◆ EXERCISE DESCRIPTION ◆
The answer should be every line below, repeated exactly, with the images left out.
** Opening PROVIDED DATA block **
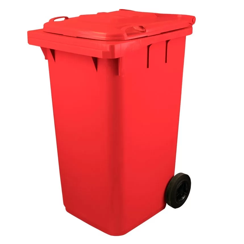 - Контейнер с крышкой и двумя колесами, имеет обтекаемую и расширяющуюся вверх прямоугольную форму.
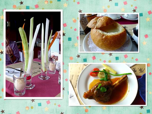 最有意思的是沙拉,造型独特,拿在手里吃,太特别了。汤里面有龙虾等好料,但不要吃太慢,外面的面包会漏的。羊膝是特色推荐菜,非常鲜嫩。
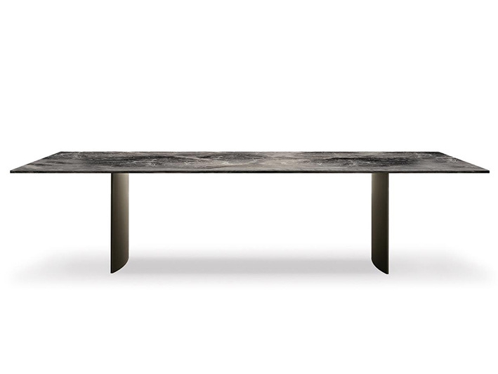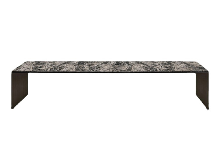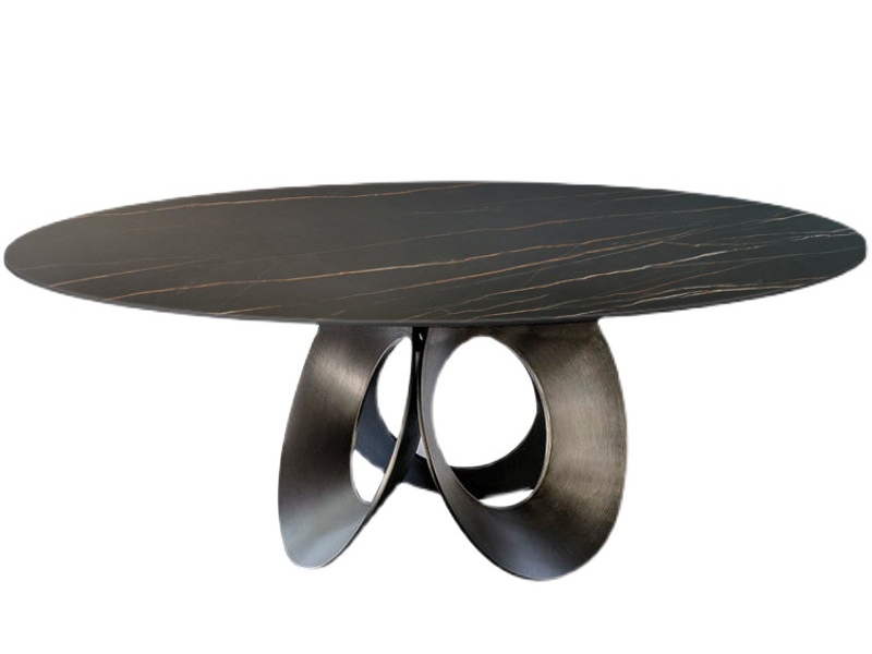 Beneath the surface, the base commands attention with three looped metal forms in a brushed black finish. These intersecting curves form a stable and visually dynamic foundation, blending functionality with modern art.
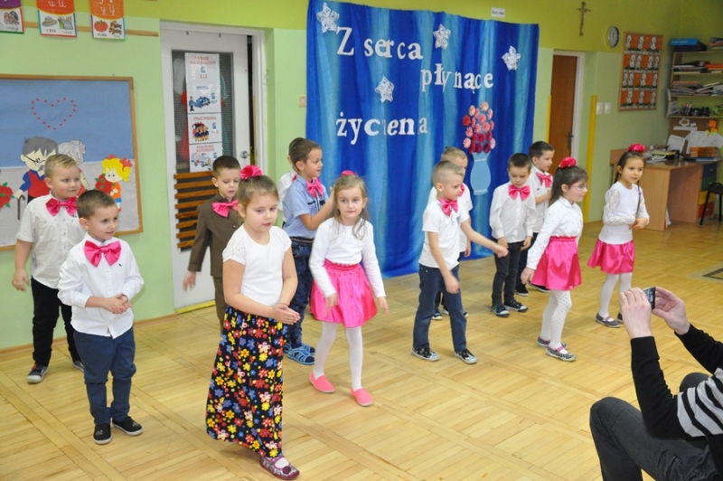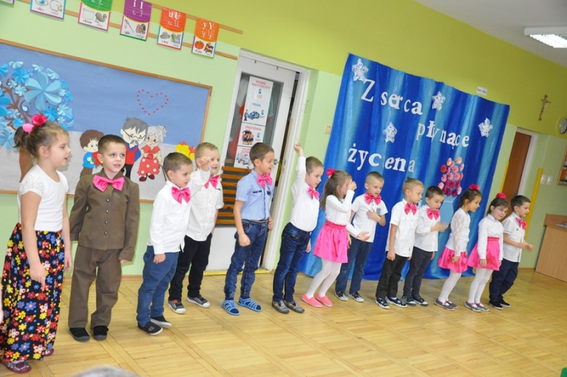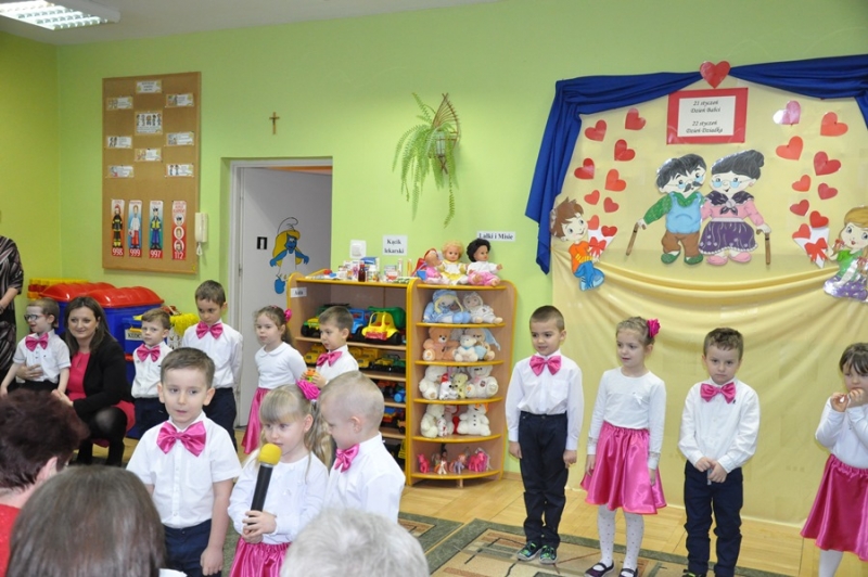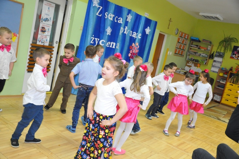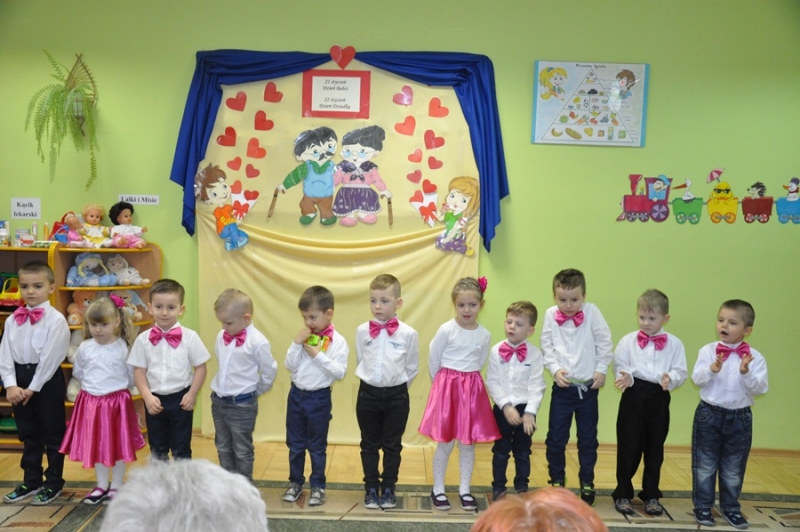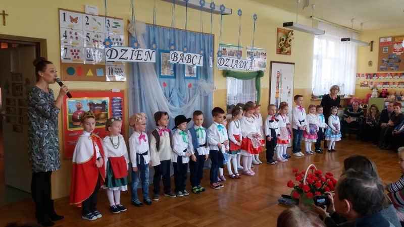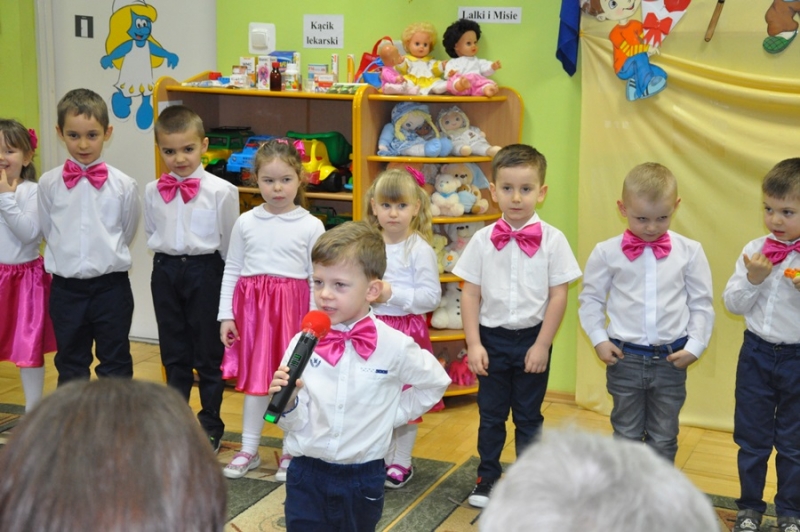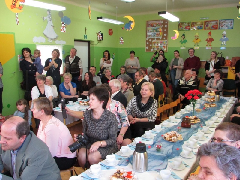 Licznie przybyli goście mogli z dumą podziwiać swoje pociechy. Dzieci podarowały swoim Babciom oraz Dziadkom upominki oraz laurki. Poprzez występy, przedszkolaki wyraziły wobec ukochanych Babć i Dziadków swoje podziękowania, miłość oraz szacunek. Szczęście i radość widniejące na twarzach przybyłych gości, były potwierdzeniem tego jak niezmiernie ważne są takie chwile spędzone wspólnie z pociechami. Atmosfera całej uroczystości była wspaniała, a podziękowaniom ze strony gości nie było końca. Po części artystycznej goście oraz dzieci zostali zaproszeni na przygotowany przez rodziców słodki poczęstunek.
** Closing PROVIDED DATA block **
◆ TASK ANSWER ◆
 - Контейнер с крышкой и двумя колесами, имеет обтекаемую и расширяющуюся вверх прямоугольную форму.
 最有意思的是沙拉,造型独特,拿在手里吃,太特别了。汤里面有龙虾等好料,但不要吃太慢,外面的面包会漏的。羊膝是特色推荐菜,非常鲜嫩。
 Beneath the surface, the base commands attention with three looped metal forms in a brushed black finish. These intersecting curves form a stable and visually dynamic foundation, blending functionality with modern art.
 Licznie przybyli goście mogli z dumą podziwiać swoje pociechy. Dzieci podarowały swoim Babciom oraz Dziadkom upominki oraz laurki. Poprzez występy, przedszkolaki wyraziły wobec ukochanych Babć i Dziadków swoje podziękowania, miłość oraz szacunek. Szczęście i radość widniejące na twarzach przybyłych gości, były potwierdzeniem tego jak niezmiernie ważne są takie chwile spędzone wspólnie z pociechami. Atmosfera całej uroczystości była wspaniała, a podziękowaniom ze strony gości nie było końca. Po części artystycznej goście oraz dzieci zostali zaproszeni na przygotowany przez rodziców słodki poczęstunek.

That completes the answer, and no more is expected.